Он отмахивался жердью, отступал. Сутулый молча заезжал сзади. Кален чувствовал, что сзади кто-то наезжает на него, но наскакивали и спереди, и он не мог обернуться. И тут сутулый, пришпорив белогривого жеребца, кинулся на Калена. Зашипели разматывающиеся петли волосяного аркана, сутулый тут же резко повернул коня, продел конец аркана под ногу и поскакал. Бросив жердь, Кален пытался растянуть петлю на шее, а сам уже падал, кувыркался, его тут же поддергивало вверх, он вскакивал, пробегал несколько шагов и опять падал… Он уже не думал освободиться из петли, изо всех сил старался упереться ногами в снег, задержаться хоть на секунду, чтобы вырвать сутулого из седла, но сутулый не давал ему передышки, волок и волок. Калена нагнали джигиты, и первым был теперь Кудайменде. На ходу он что есть силы протянул Калена толстым доиром. Другой изловчился, нагнулся и хряпнул Калена по голове тяжелой дубинкой. Кровь брызнула на снег, сутулый, оглядываясь, придержал коня. Лицо у Калена распухло и почернело, он упал, но еще ворочался.
— Ваша взяла… — просипел он сдавленным горлом. Вспотевшие от ярости, визжа, оттесняя друг друга, еще долго били его джигиты, втаптывая в снег.
Очнулся Кален не скоро, еле разодрал глаза, огляделся. Он лежал за домом, снег вокруг головы набряк кровью, кругом было натоптано. Раздетые ребятишки сидели прямо на снегу и ревели. Рядом лежала избитая Жамал, тоже связанная. Увидев, что муж открыл глаза, она начала смеяться, и Калену стало не по себе.
— Господи! — сквозь смех выкрикивала она. — Жив! Господи!.. А потом заплакала.
Калену было стыдно, и он не смел смотреть на жену. Одной рукой мог он поднять и задушить любого джигита в округе. А теперь, избитый, униженный, он лежал в снегу и не мог подняться. Старший сын стал развязывать скрученные руки отцу и матери, но никак не мог сладить с узлами.
— Беги в аул! — со стоном выговорила Жамал.
Кален молчал, изредка поскрипывая зубами.
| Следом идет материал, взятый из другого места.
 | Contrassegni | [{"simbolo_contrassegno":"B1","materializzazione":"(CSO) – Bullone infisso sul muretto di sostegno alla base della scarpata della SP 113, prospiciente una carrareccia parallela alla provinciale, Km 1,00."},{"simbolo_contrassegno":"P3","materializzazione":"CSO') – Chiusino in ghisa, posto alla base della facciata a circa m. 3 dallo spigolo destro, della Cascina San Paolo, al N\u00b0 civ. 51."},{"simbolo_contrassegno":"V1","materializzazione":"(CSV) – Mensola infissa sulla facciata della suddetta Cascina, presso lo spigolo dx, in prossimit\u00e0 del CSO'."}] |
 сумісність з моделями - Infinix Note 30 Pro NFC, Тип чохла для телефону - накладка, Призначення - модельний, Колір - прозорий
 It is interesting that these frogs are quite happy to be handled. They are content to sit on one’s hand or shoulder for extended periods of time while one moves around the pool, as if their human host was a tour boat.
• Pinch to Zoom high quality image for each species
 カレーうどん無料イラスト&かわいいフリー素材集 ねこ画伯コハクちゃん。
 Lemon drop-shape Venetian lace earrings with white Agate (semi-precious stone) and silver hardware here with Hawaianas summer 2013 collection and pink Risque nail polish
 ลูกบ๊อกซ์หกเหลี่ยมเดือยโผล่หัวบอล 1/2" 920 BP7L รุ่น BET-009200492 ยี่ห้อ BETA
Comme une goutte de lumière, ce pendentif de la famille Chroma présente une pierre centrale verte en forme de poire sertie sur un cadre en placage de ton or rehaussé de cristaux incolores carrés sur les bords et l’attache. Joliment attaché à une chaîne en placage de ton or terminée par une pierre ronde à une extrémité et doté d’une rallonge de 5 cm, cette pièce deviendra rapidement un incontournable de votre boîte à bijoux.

Голова гудела, все тело болело, было так холодно, что Калену казалось — снег у него уже в животе.
Прибежали соседи из аула, развязали его и Жамал, помогли подняться, стали расспрашивать. Кален все молчал. Соседи уже собирались кучками, шумели, грозили волостному.
— Ладно… — буркнул Кален и поморщился, ему больно было говорить. — Ладно… В пустой степи все храбрые…
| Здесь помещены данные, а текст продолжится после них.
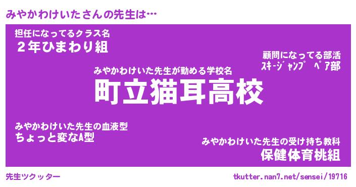 | ファンタジー風あだ名 | 『ミヤフェル』『ファントムミヤス』 |
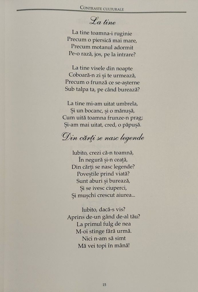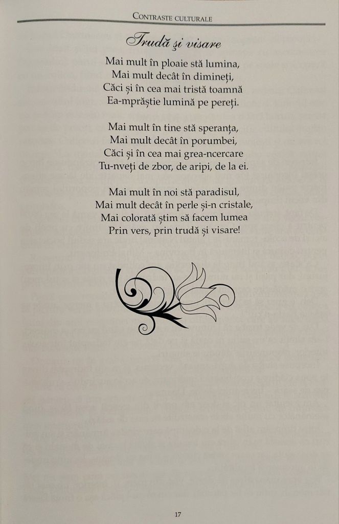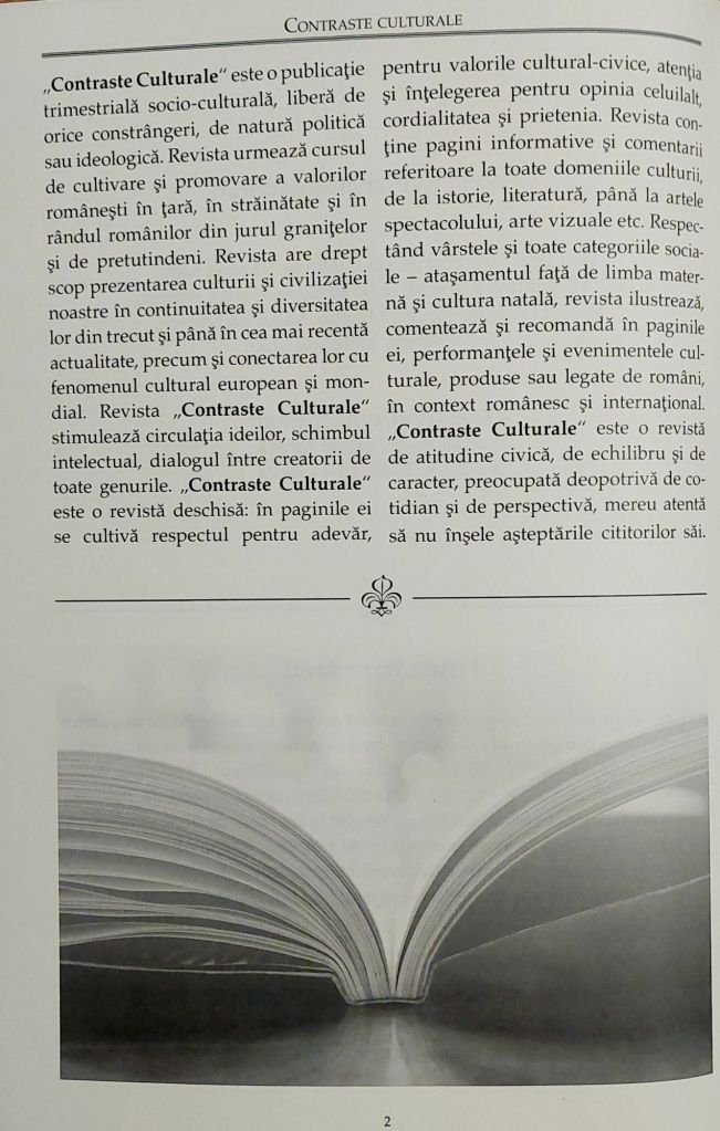 Am bucuria să fiu aproape de voi prin intermediul Revistei „Contraste Culturale”, cu adevărat o publicație „de suflet pentru suflet”.

Его избили впервые. И в первый раз почувствовал он свое одиночество. Раньше он жил как хотел и ему нравилось быть одному. Потому что никто не видел, когда и куда он уезжал, и когда приезжал, и привозил ли что-нибудь. Но теперь он вспомнил рыбаков, Еламана, и ему стало горько. В степи каждый жил сам по себе, каждый одиноко пас свой скот или скот баев. От края до края расстилалась кругом степь, и вокруг одинокого человека были одни овцы. Или верблюды. Или кони.
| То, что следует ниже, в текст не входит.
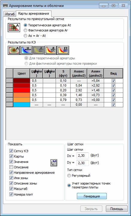 Эта вкладка находится в диалоговом окне Армирование плит и оболочек и позволяет представлять и изменять карты армирования, прогибов, трещинообразования и жесткости.
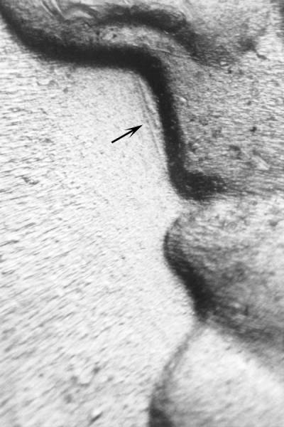 Two die scratches between the area of the upper lip and the nose. Reverse:
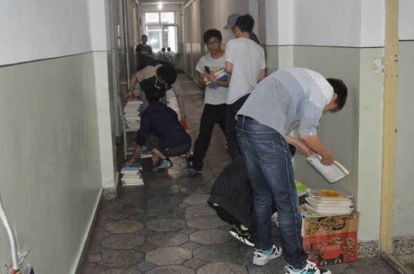 刚到目的地,大四员工早早就把书籍放到了寝室门口,然后所有人在王权亮的指挥下将书籍分成专业课书籍和非专业课书籍两类,专业课书籍被整理送到31号楼,以方便后续提供给公司需要的同学,非专业课书籍总共600余本捐给了爱心超市。20:30分,活动顺利结束。
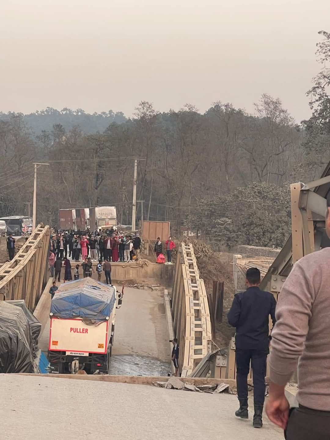काठमाडौं । ६० टनभन्दा धेरै गह्रुँगो सामान बोकेर आएको गाडीका कारण पुल भाँचिएपछि दुम्कीबासस्थित विनयी खोलामा वैकल्पिक सडक निर्माण गरेर यातायात संचालन गरिएको छ । कपिलवस्तुस्थित कृष्णनगर भन्सार कार्यालयबाट नेपाल भित्रिएको ६० टनभन्दा गह्रुँगो सामान बोकेको ट्रकका कारण विनयी खोलाको पुल शुक्रबार साँझ भाँच्चिएको थियो । ७४ चक्के भारतीय मालवहाक लरीले हेटौंडास्थित शिवओम सिमेन्ट उद्योगको सामान ल्याउँदै गर्दा पुल भाँचिएको हो । यसले बोकेको सामान ६० टनभन्दा धैरै गह्रुँगो थियो । अत्यधिक भार बोकेको मालबहाक ट्रक दाउन्ने पहाडको उकालो चढ्न नसकेपछि शुक्रबार दिउँसो दुई वटा डोजरले धकेलेर ल्याइएको थियो । पुलदेखि ४ सय मिटर पश्चिममा रहेको दुम्कीबास बजारबाट उत्तर सिजी सिमेन्टडाँडा चौर भएर होंसी सिमेन्ट चोकमा निस्कने गरफ डाइभर्सन सडक निर्माण गरेर शुक्रबार राति साढे ८ बजेबाट गाडी सञ्चालनमा ल्याइएको छ । राजमार्गमा रोकिएका सबै गाडी वैकल्पिक मार्गबाट पठाइएको जिल्ला प्रहरीका सूचना अधिकारी डीएसपी जेसी शाहले जानकारी दिए । यो वैकल्पिक सडक करिब ७ किलोमिटर घुमाउरो छ ।
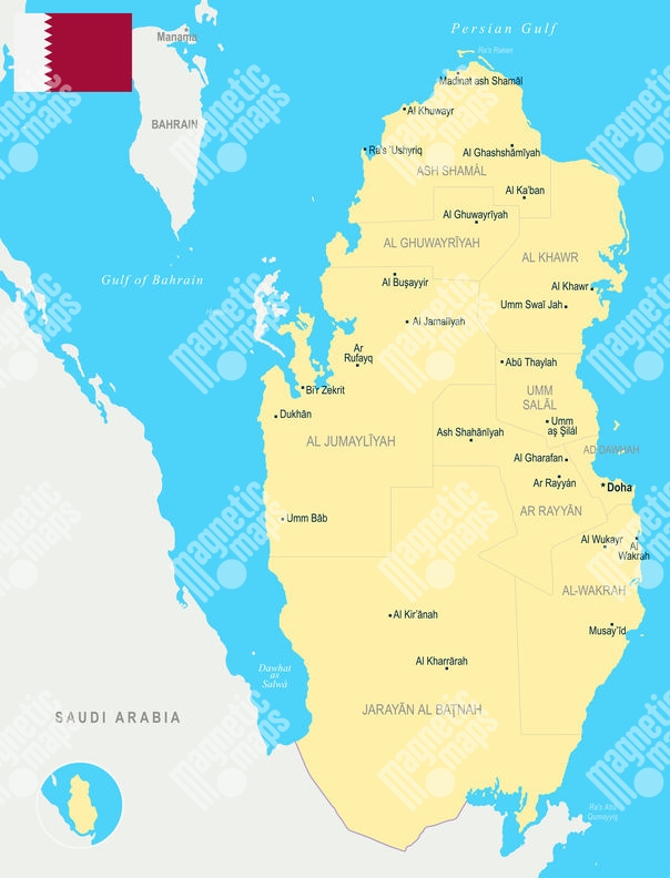 Carte magnétique de Qatar, DETAILLEE, jaune-bleu
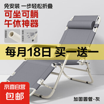折叠床 办公室午休神器 简易便携式行军陪护家用户外躺椅 圆管-灰色(60宽)*2件 75元(买一送一、合37.5元/件)
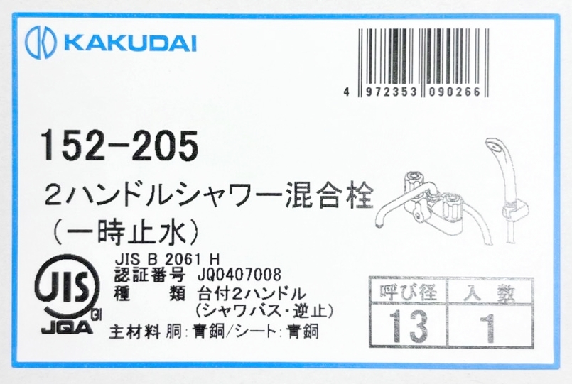 商品名 | 台付タイプ 2ハンドルシャワー混合栓(一時止水) 152-205 |
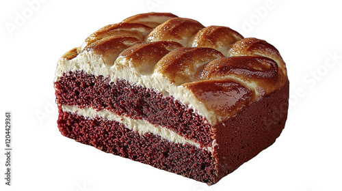 A close-up of a beautiful slice of red velvet cake, showcasing its layers of fluffy cream cheese frosting and rich red sponge. Perfect for dessert lovers.
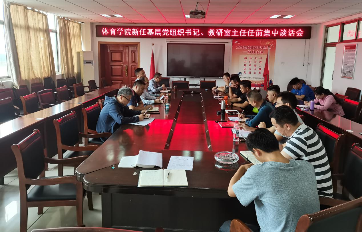 10月15日,伟德国际victor·1946源自在体育馆三楼会议室召开新任基层党组织书记、教研室主任任前集中谈话会。伟德国际victor·1946源自党政领导班子、新一届党支部书记和支委成员、教研室主任参加会议。会议由伟德国际victor·1946源自党委书记王玮主持。
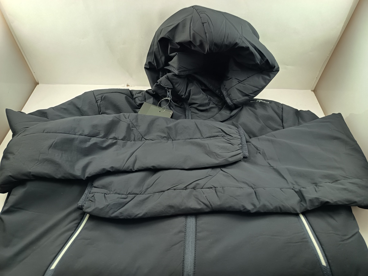 Chaqueta sintetica negra con cierre de cremallera y bolsillos.
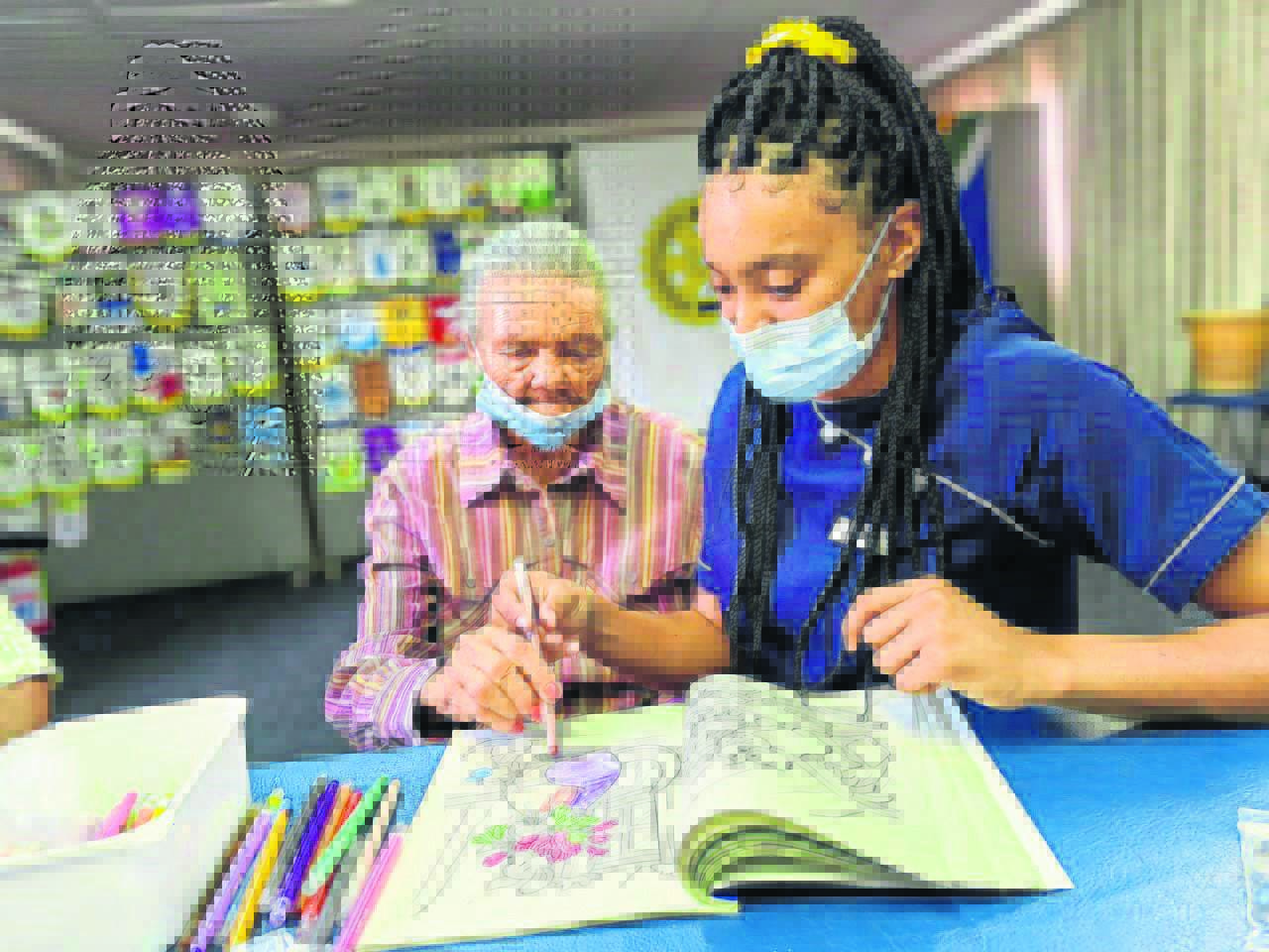 Sencit Resthaven Old Age Home’s Sarah Braaf enjoys colouring with Jade Peters, caregiver at St Rosehaven Sanctuary, a recently established service centre and social hub for the elderly of the Helderberg. Turn to page 4 for more on the establishment, where the elderly can, without judgment, shake themselves loose, be pampered and enjoy their golden years without too much discomfort.Photo: Terzel Rasmus-Williams

А на море одному было нельзя. Нет, нельзя никак было одному на море! И дома, на берегу, нельзя было там жить одному. Потому что не каждый день идет рыба, и не каждому она попадается, и там надо делиться всем, а то пропадешь. И живи он с рыбаками, никакие джигиты не достигли бы его, потому что он бы там не был один…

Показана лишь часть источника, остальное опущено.